* STORED DATA:

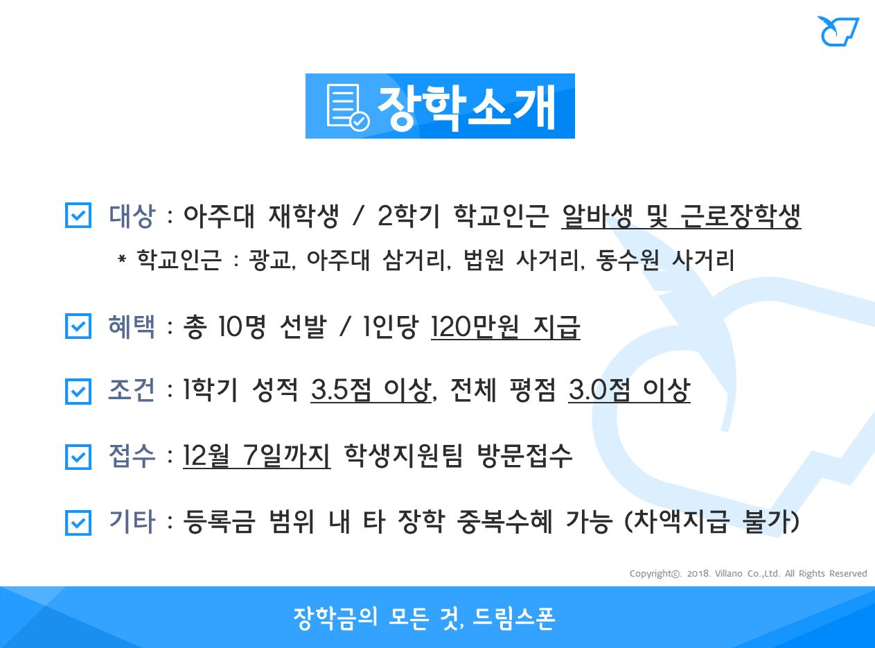 - 접수처 : 아주대 신학생회관 104호 학생지원팀
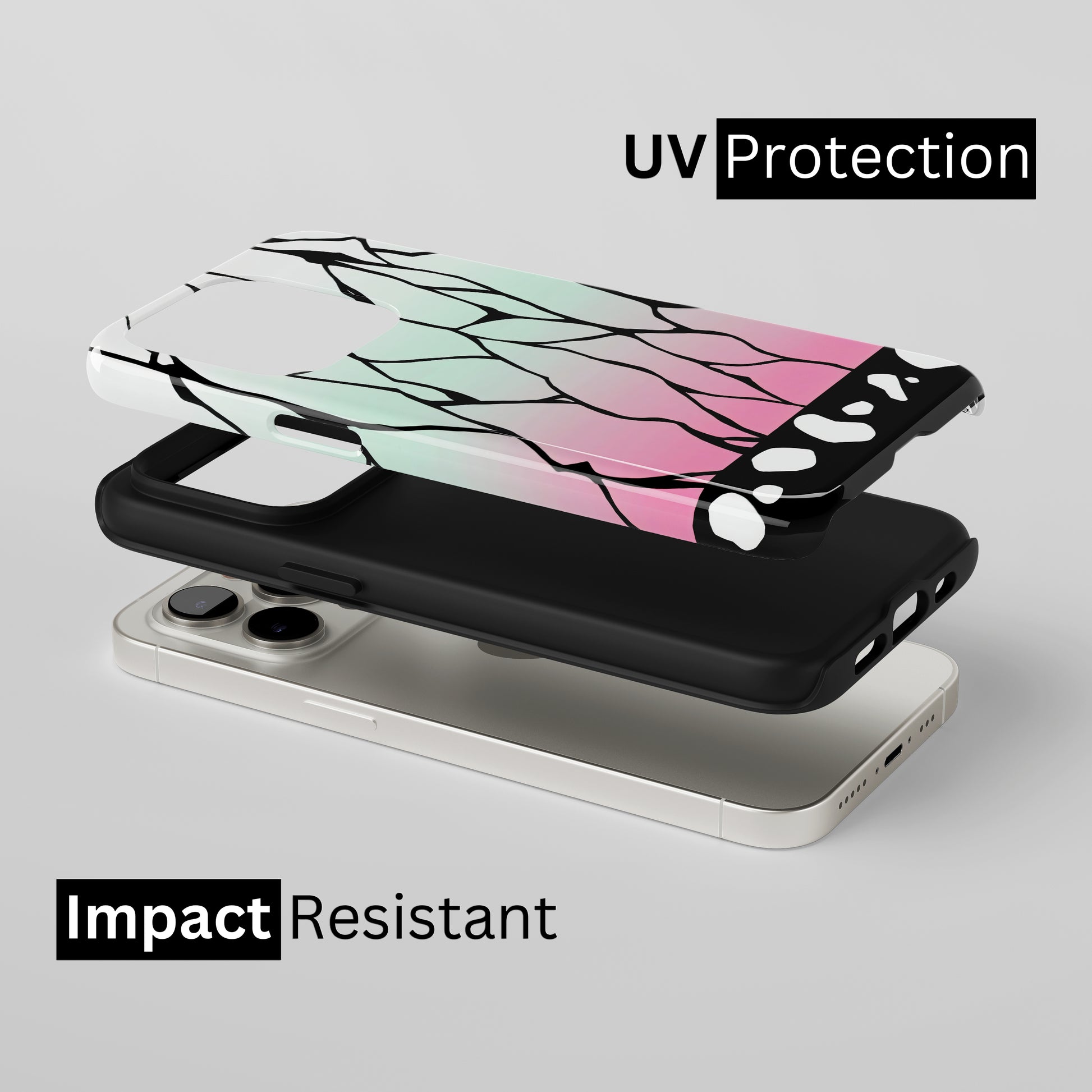 Protect your phone with a dual-layer case made for and compatible with iPhone devices. Durable, shock-absorbing, UV-protected, and wireless charging compatible. Choose matte or glossy with full-wrap 3D print and clear, open ports for easy access.
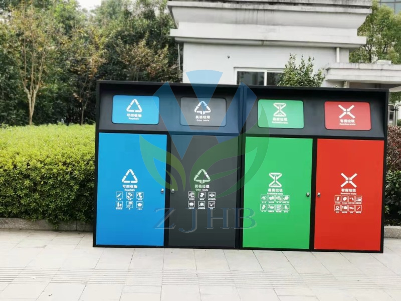 这一款户外垃圾桶选用优质镀锌钢板裁剪、压制、折弯后再焊接而成型;
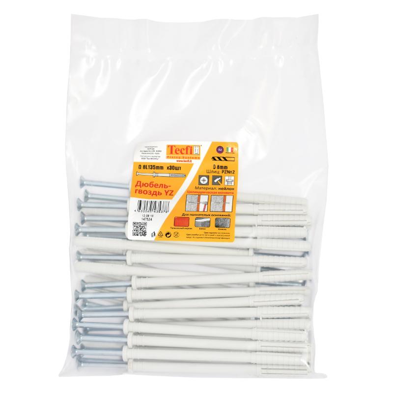 Дюбель-гвоздь YZ цилиндр. манжета нейлон 8x135 (30 шт)- пакет | 147524 | Tecfi
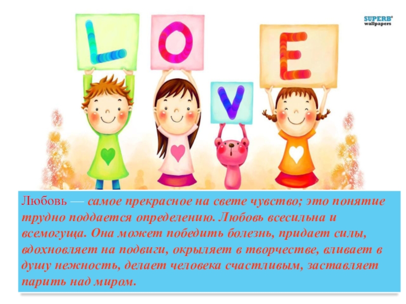 Слайд 6Любовь — самое прекрасное на свете чувство; это понятие трудно поддается
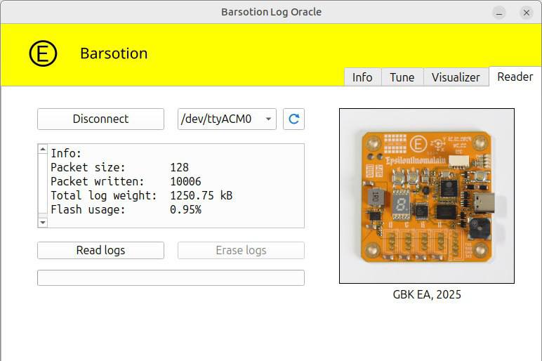 Меню "Reader" позволяет читать логи с бортовых компьютеров, используя специальный протокол поверх USB-CDC. Далее приведен алгоритм работы.
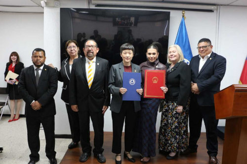 2026年1月27日,驻哥斯达黎加使馆同中美洲议会在危地马拉城议会总部举办中国政府援助物资交接仪式。驻哥斯达黎加大使王晓瑶与古铁雷斯议长签署物资交接证书。
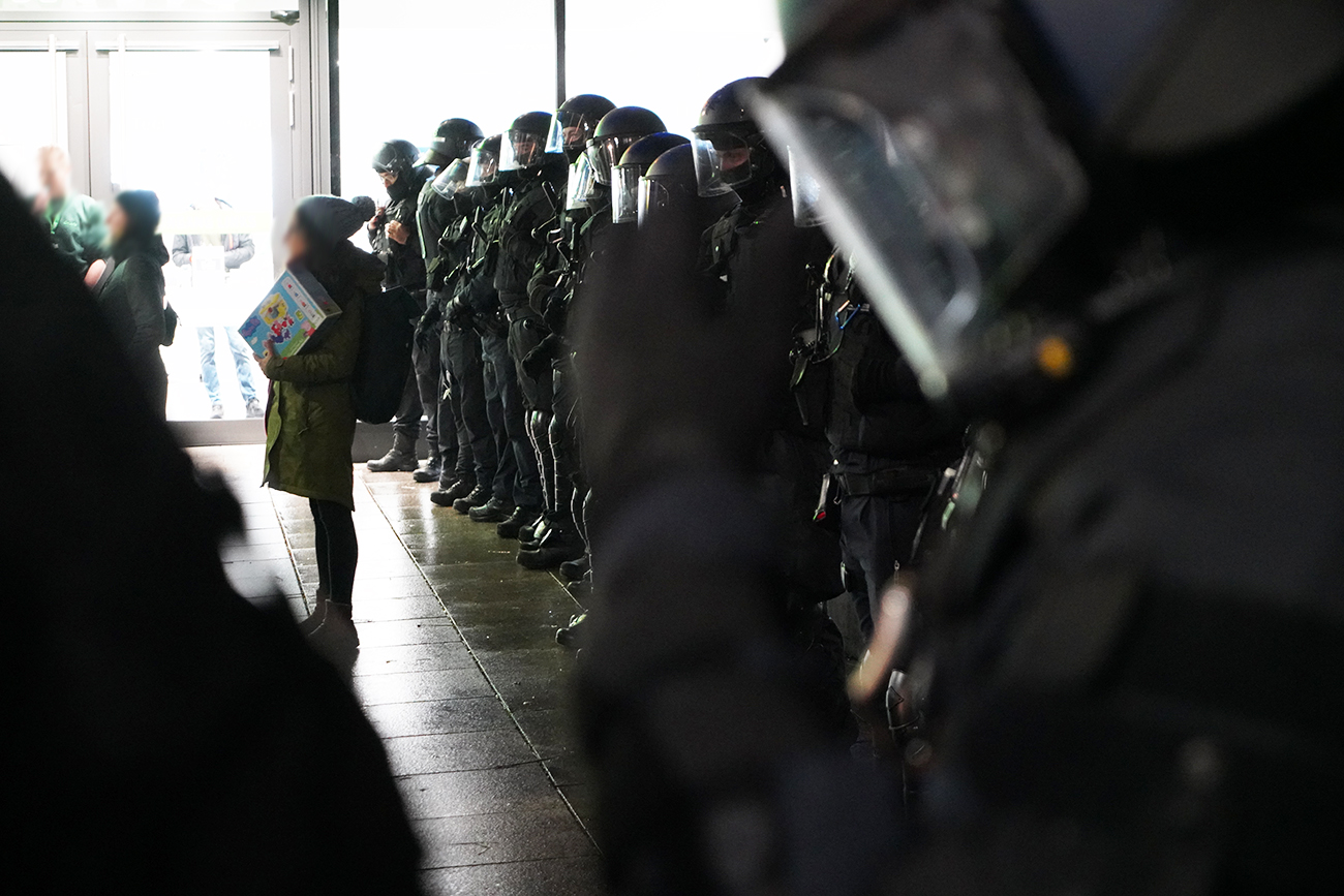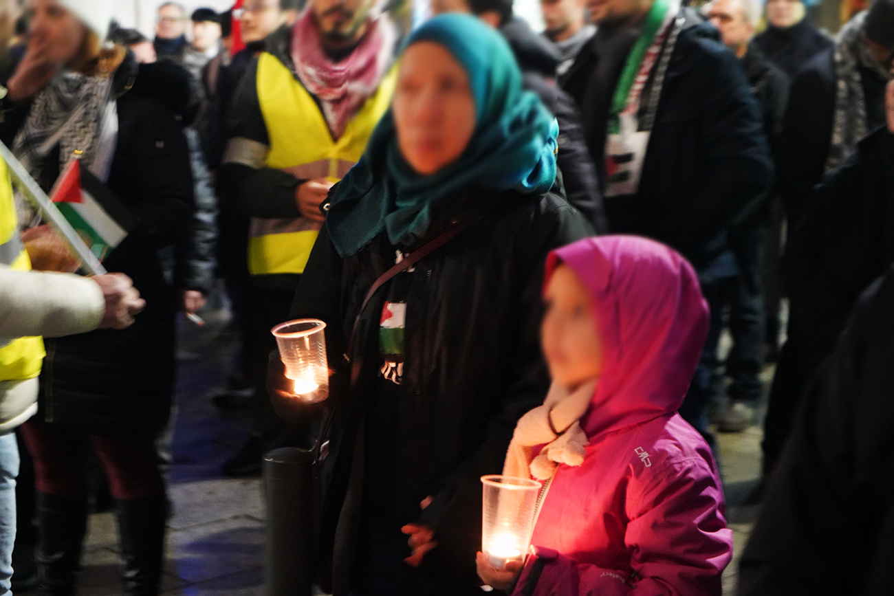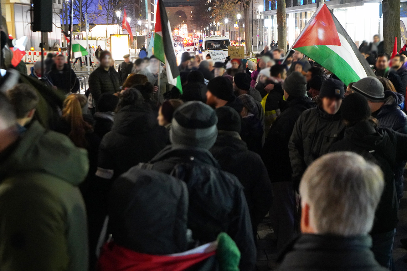 Am Freitag, den 08.12.23, fand eine Demonstration gegen den Genozid am palästinensischen Volk durch den zionistischen Apartheidstaat Israel statt. Leider konnten die Demonstrierenden keinen Meter laufen, da die Polizei die Versammlung willkürlich abgeriegelt hatte. Dies hielt die Menschen nicht davon ab, weiterhin vor Ort zu bleiben und die Stimmen der Stimmlosen zu sein. Die ca. 200 Teilnehmenden solidarisierten sich mit dem palästinensischen Volk, das seit zwei Monaten durch das israelische Militär vertrieben und massakriert wird. Der anhaltende Genozid forderte bereits über 17.000 ermordete Zivilist:innen, von denen mehr als 7000 Kinder sind, und das Morden geht weiter. Gemordet wird mit deutschen Waffen, deren Lieferung nach Israel sich seit letztem Jahr verzehnfacht haben. Deutsche Rüstungsunternehmen verdienen Milliarden durch diesen Krieg und die deutsche Polizei versucht, dieses Interesse auf den Stuttgarter Straßen durchzusetzen.

* WORK ORDER: Print the lines from the line containing "приведен алгоритм работы." through the last line of the listing, exactly as they stand, and leave any pictures out.

* WRITTEN REPLY:
 Меню "Reader" позволяет читать логи с бортовых компьютеров, используя специальный протокол поверх USB-CDC. Далее приведен алгоритм работы.
 2026年1月27日,驻哥斯达黎加使馆同中美洲议会在危地马拉城议会总部举办中国政府援助物资交接仪式。驻哥斯达黎加大使王晓瑶与古铁雷斯议长签署物资交接证书。
 Am Freitag, den 08.12.23, fand eine Demonstration gegen den Genozid am palästinensischen Volk durch den zionistischen Apartheidstaat Israel statt. Leider konnten die Demonstrierenden keinen Meter laufen, da die Polizei die Versammlung willkürlich abgeriegelt hatte. Dies hielt die Menschen nicht davon ab, weiterhin vor Ort zu bleiben und die Stimmen der Stimmlosen zu sein. Die ca. 200 Teilnehmenden solidarisierten sich mit dem palästinensischen Volk, das seit zwei Monaten durch das israelische Militär vertrieben und massakriert wird. Der anhaltende Genozid forderte bereits über 17.000 ermordete Zivilist:innen, von denen mehr als 7000 Kinder sind, und das Morden geht weiter. Gemordet wird mit deutschen Waffen, deren Lieferung nach Israel sich seit letztem Jahr verzehnfacht haben. Deutsche Rüstungsunternehmen verdienen Milliarden durch diesen Krieg und die deutsche Polizei versucht, dieses Interesse auf den Stuttgarter Straßen durchzusetzen.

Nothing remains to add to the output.